Die neue Zwei-Säulen-Strategie:
– Primärziel: Vollständige Artikel-45a-Compliance oder gültige Gelangensbestätigung anstreben
– Absicherung: Mautbelege, Lagerprotokolle, Spediteurskorrespondenz systematisch archivieren
KMLZ betont: Finanzämter können sich nicht mehr hinter formalen Lücken verstecken. Sie müssen die Gesamtheit der Beweise würdigen – eine fundamentale Verschiebung der Beweislast.
BMF unter Zugzwang
Die Umsatzsteuer-Anwendungserlass (UStAE) atmet noch den Geist der strengen Formalnachweise.
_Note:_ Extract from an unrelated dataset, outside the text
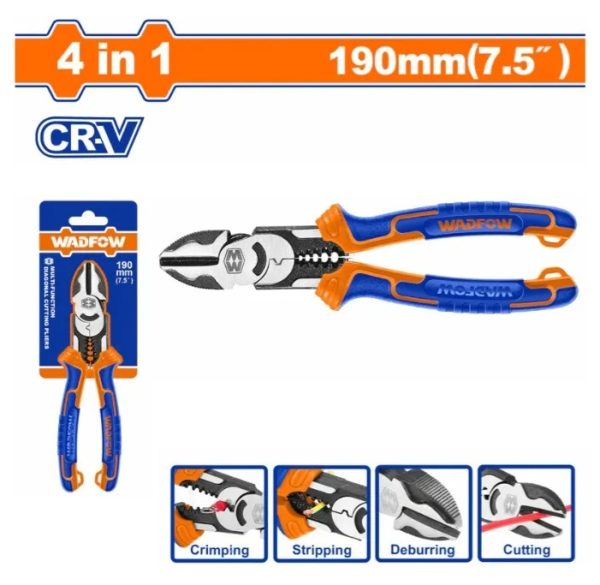 Alicate diagonal combinado multifunción 4 en 1 -7.5″ 190mm WADFOW WPL3778

Nach dem FLO-VENEER-Urteil und der Expertenreaktion dieser Woche wächst der Druck auf das Bundesfinanzministerium. Eine Aktualisierung der Verwaltungsrichtlinien scheint unausweichlich.
Bis zum offiziellen BMF-Schreiben gilt allerdings: Vorsicht bleibt geboten. Die BFH-Beschlüsse vom 20. November mahnen, dass materiell richtige Argumente nichts nützen, wenn Verfahrensfehler sie unterlaufen.
Drei konkrete Handlungsempfehlungen:
Dokumentation überdenken: Unternehmen sollten ihre Logistikprozesse prüfen. Ist Artikel-45a-Konformität schwierig erreichbar, muss ein robustes System für alternative Nachweise her.
Digitale Compliance sicherstellen: Steuerberater müssen die beSt-Pflicht konsequent umsetzen – die November-Entscheidungen des BFH lassen keinen Spielraum.
Betriebsprüfungen aktiv gestalten: Bei laufenden Prüfungen sollte FLO VENEER sofort zitiert werden, sobald Prüfer eine Steuerbefreiung allein wegen fehlender Quick-Fix-Dokumente in Frage stellen.
Die kommenden Wochen werden zeigen, wie schnell die deutsche Finanzverwaltung die europarechtliche Realität in ihre Praxis übersetzt. Bis dahin navigieren Unternehmen in einem Spannungsfeld zwischen europäischer Liberalisierung und deutscher Verfahrensstrenge.